State and federal governments devote millions of dollars to helping unemployed workers get retrained – in Michigan, for example, the overall retraining budget is about $640 million this year.

Some of that goes to paying tuition at local community colleges. Across the Midwest, colleges say they are seeing vocational course fill up as the hiring need deepens.

Inside a welding lab at Richland Community College in Decatur, Illinois, Instructor Leo Suhre is keeping a careful eye on students learning to cut and weld metal.

Last year, the school only had enough shop space for 12 students in each welding class. When those slots were taken, the college began offering an additional section at midnight.

“We ran that first in the spring, and it started filling up, we ran it again in the summer – there’s a demand there,” said Douglas Brauer, a vice-president at Richland.

Enrollment for this course has increased 20 percent, and the midnight classes are now a regular fixture. Brauer said they’re especially popular with workers coming off second and third shifts at Caterpillar, one of Decatur’s largest employers. Now, the college is thinking about offering not just welding certification, but degree completion courses at midnight.

It’s also just authorized the building of a new workplace training center that will more allow it to more than double the size of its vocational classes.

Nationally, the jobless rate within manufacturing has dropped from a high of 13 percent in January 2010 to just under 8 percent.

One of the greatest needs is for machinists – specifically, computerized numerical control – or CNC – operators.
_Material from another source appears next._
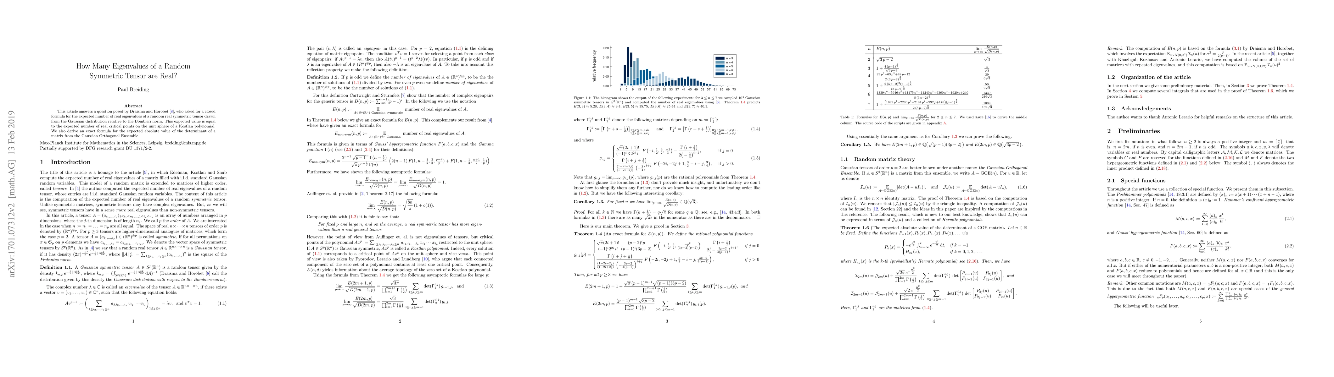 This paper provides a closed formula for the expected number of real eigenvalues of a random symmetric tensor from the Gaussian distribution, linking it to the expected number of real critical points on the unit sphere of a Kostlan polynomial. Additionally, it derives an exact formula for the expected absolute value of the determinant of a matrix from the Gaussian Orthogonal Ensemble.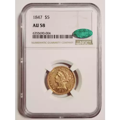 1847 Gold Half Eagles Liberty Head NGC AU-58 CAC

“CNC machinists are red hot right now,” Daley College’s Ray Prendergast. Daley College has had a 137 percent enrollment increase between the fall of 2010 and 2011. Often, Prendergast said, his students are getting employment offers even before they graduate. At Humboldt College, the placement rate for jobs is 100 percent, he said.

In Skokie, Illinois, Symbol Job Training is a for-profit school that focuses solely on training machinists in CNC machinery, the standard on factory floors these days.

Student John Zawojski is a few months into the program. He had worked in warehousing for years, but got laid off, and hasn’t been able to find the same pay rates he used to get. He’s hoping that a CNC certification will change that.

Zawojski hadn’t heard of machining until the employment office told him it could be a good career – and said it would pay his tuition.

“I had no idea how to do any of this,” he told me as he punched codes into the control pad. “Now, I’m pretty good at it. I can actually make parts.”

Back in Flint, Crampton, from Mott Community College, says the conventional wisdom is that there aren’t any manufacturing jobs. The real problem, according to Crampton, is that there are pipeline issues: not just meeting today’s demand, but tomorrow’s, too.